You roll a fair, 6-sided die repeatedly until you get a streak of three increasing rolls (three consecutive rolls with numbers in strictly increasing order, but not necessarily consecutive numbers). What is the expected number of rolls?
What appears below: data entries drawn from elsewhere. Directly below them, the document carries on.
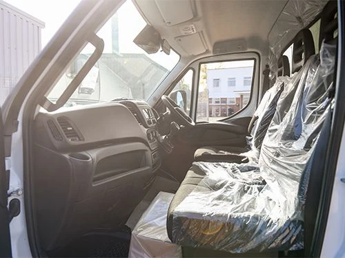 Fabric High Comfort seat (Changed to leather – see below), door roller blinds, auto control air conditioning (Changed to Auto A/C system with parking cooler – see below). Infotainment + Navigation, leather steering wheel and Conb 4G + Cradle predisposition
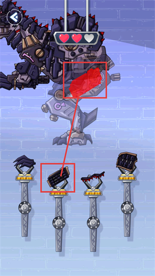 3、拼接时观察机甲缺口轮廓,选取对应形状的零件拖动,可减少【爱心】消耗提升效率。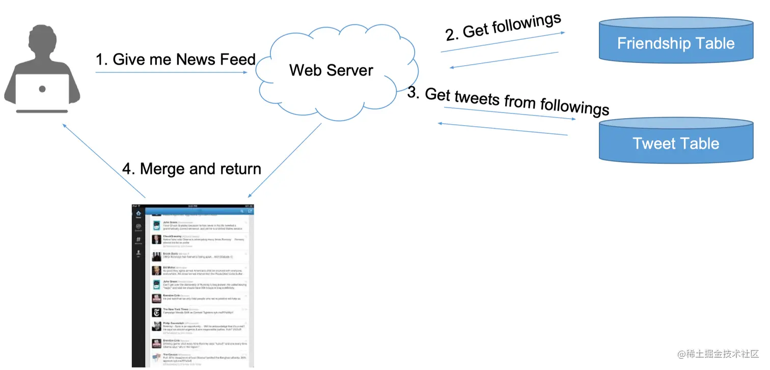- 在用户查看News Feed时,获取每个好友的前100条Tweets,合并出前100条News Feed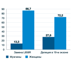 Рис. 5. Спектр активирующих мутаций в гене EGFR в зависимости от пола (%).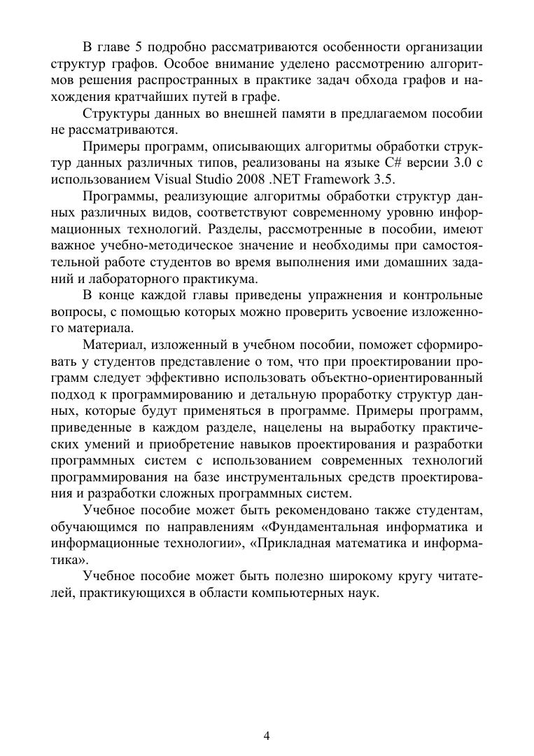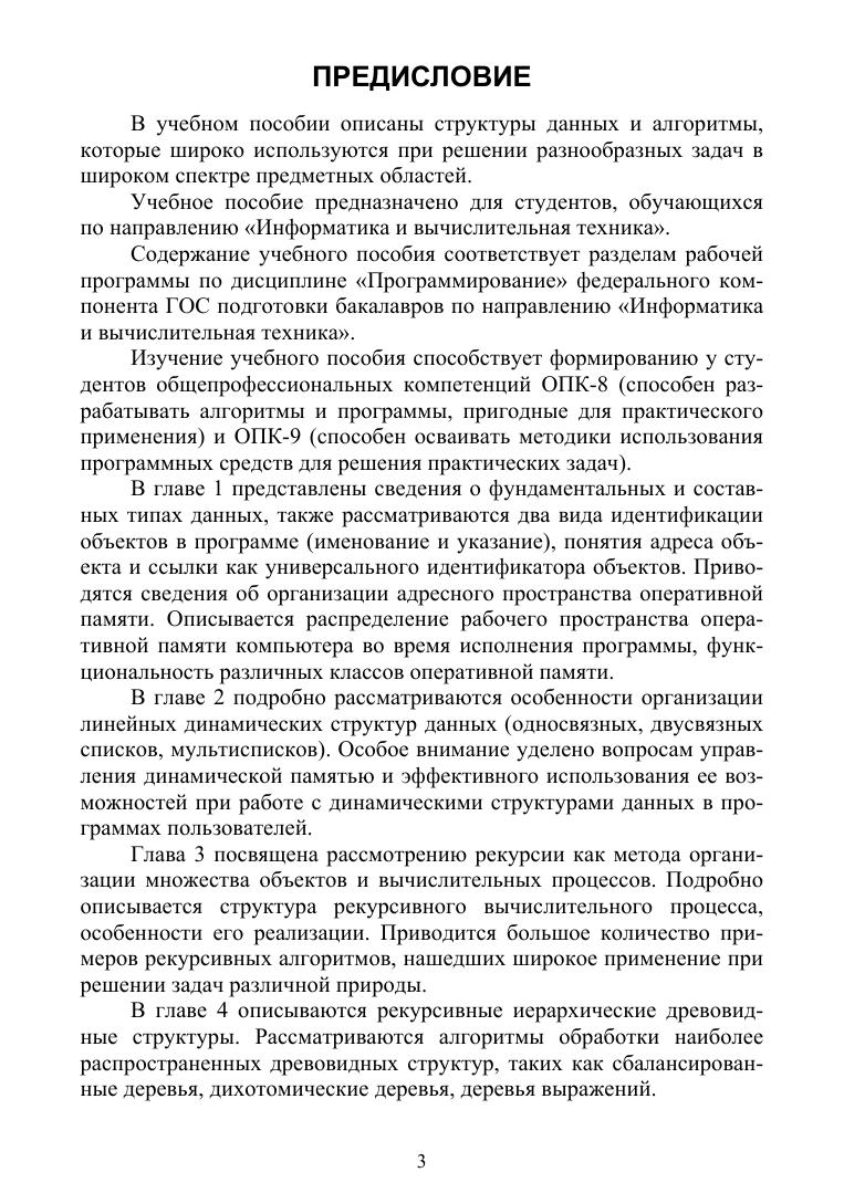 Учебное пособие включает разделы, которые подробно описывают абстрагирование типов, идентификацию объектов, классы оперативной памяти, линейные динамические структуры данных (односвязные, двусвязные списки, мультисписки), рекурсивные алгоритмы обработки структур данных, иерархические структуры данных (деревья и графы). Теоретический материал иллюстрируется большим количеством программных фрагментов, реализующих алгоритмы обработки различных структур данных. Учебное пособие содержит контрольные вопросы и упражнения по всем разделам. Соответствует современным требованиям Федерального государственного образовательного стандарта среднего профессионального образования и профессиональным квалификационным требованиям. Предназначено для студентов среднего профессионального образования, обучающихся по специальностям, входящих в укрупненную группу специальностей «Информатика и вычислительная техника».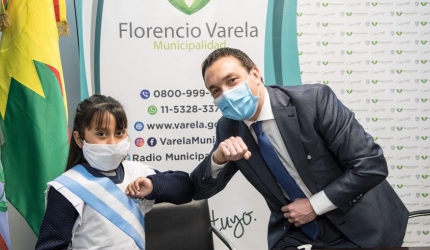 Con las medidas pertinentes de prevención y distanciamiento establecidas contra la pandemia, el Jefe Comunal, estuvo acompañado por diferentes autoridades y representantes de instituciones del distrito, con quienes además izó la bandera bonaerense y la varelense, en el día del segundo aniversario de su presentación ante la comunidad.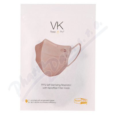 Respirátor VK RespiPro je nanovlákenná filtrační obličejová maska sloužící k ochraně uživatele proti virům. Její filtrační účinnost splňuje třídu FFP2.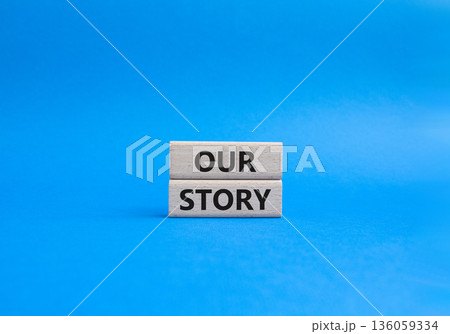 Our story symbol. Wooden blocks with words Our story Beautiful blue background. Business and Our story concept. Copy space.
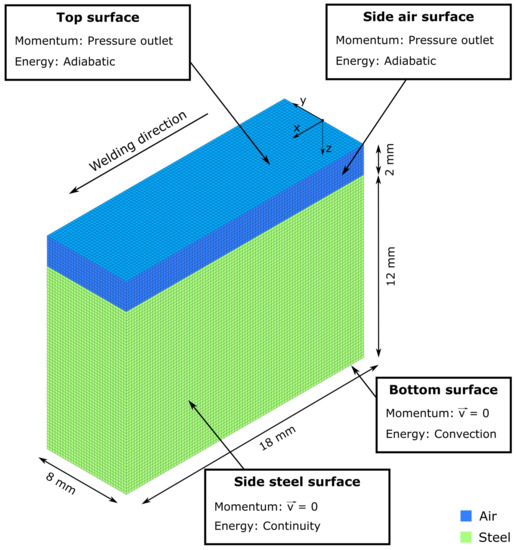 The boundaries of the air-phase domain were set as pressure outlets and on the bottom of the steel-phase domain, convective heat transfer was considered. The simulation domain was smaller than the real steel sheets to optimize the computational time. Hence, a proper treatment of the boundaries was ensured by utilizing the continuity boundary condition [63]. The boundary conditions are also shown in Figure 4.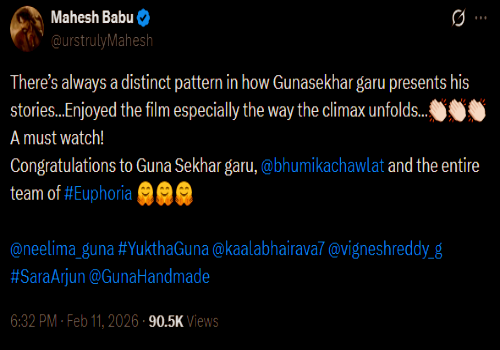 He wrote on X, "There’s always a distinct pattern in how Gunasekhar garu presents his stories…Enjoyed the film especially the way the climax unfolds… A must watch! Congratulations to Guna Sekhar garu, @bhumikachawlat and the entire team of #Euphoria." Bhumika Chawla earned good name for her performance.

If we let $X$ be the number of rolls until we satisfy our required condition, let $E=\mathbb{E}[X]$ and $E_i = \mathbb{E}[X\space|\space i], \space i\in\{1,\dots, 6\}$. So $E_1$ is the expected number of rolls until we satisfy our required given that we have currently rolled a 1, meaning that, for instance $E_{31} = E_1$ where we define $E_{ij}$ similarly (rolled an $i$ and then a $j$).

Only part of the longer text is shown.